This last episode helped resolve the season finale with a case of erectile dysfunction - to stay out of jail, Tommy has to admit he couldn't get it up, but deep down, he knows this to not be true. We all know it's not true... not just because it's one of Sheila's lies, but also because how else could Tommy get the likes of Andrea Roth, Callie Thorne, Marisa Tomei, Jennifer Esposito and (making an appearance later this season) Gina Gershon. The typing the names made me straighten up in my chair.

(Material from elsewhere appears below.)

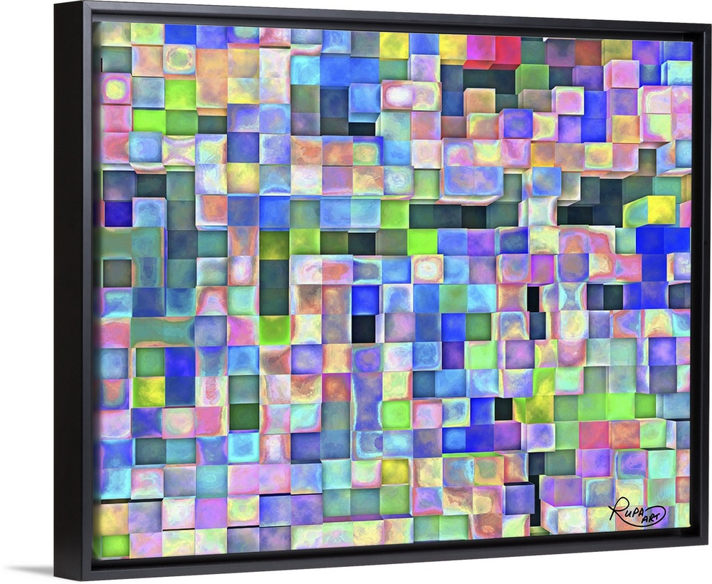 <p>Square abstract art that is made up of squares filled with color creating a tile pattern</p>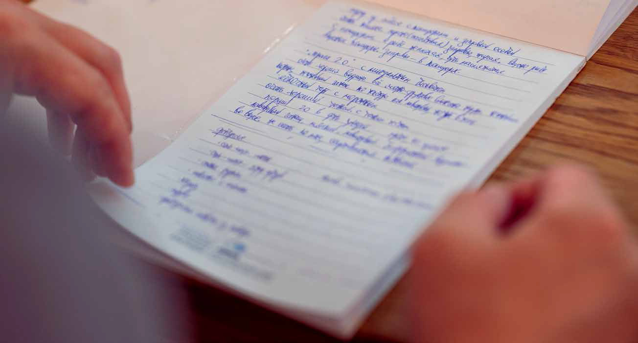 Хорошо, если десять — бывает и тридцать. Но чтобы составить представление о блюде, его нужно лишь попробовать. Затем, я достаю блокнот. Я человек старой школы и записываю впечатления (показывает свой блокнот). Вот, пожалуйста, вчера был в новом ресторане на Патриарших, продегустировал семнадцать блюд. Отметил основные мысли: солёный, грубый и т. д.

Also referenced in the episode was Brooklyn streetball legend Jack "Black Jack" Ryan, who is considered one of the greatest basketball players ever to not play in the NBA (video.) And finally, the episode ended with TV on the Radio's "Wolf Like Me" which could've made a great theme song for the series (not that "C'mon C'mon" is chopped liver,) perfectly describing Tommy's cursed existence:
Got a curse I cannot lift
Shines when the sunset shifts
When the moon is round and full
Gotta bust that box gotta gut that fish
My mind's aflame...
Playlist: Rescue Me - Eps 401-402
1. "Dance This Mess Around" - The B-52's - The floor falls out from the crew and they fall into the flames one by one
2. "Backseat Nothing" - The Del Fuegos - Tommy goes to meet with Sheila about the fire
3. "Wolf Like Me" - TV On The Radio - Tommy commandeers a fire engine and the crew rides out to find his daughter

More: I totally missed the short lived series Leary and Tolan did called The Job, but after experiencing Rescue Me, this has moved to the top of my Netflix que.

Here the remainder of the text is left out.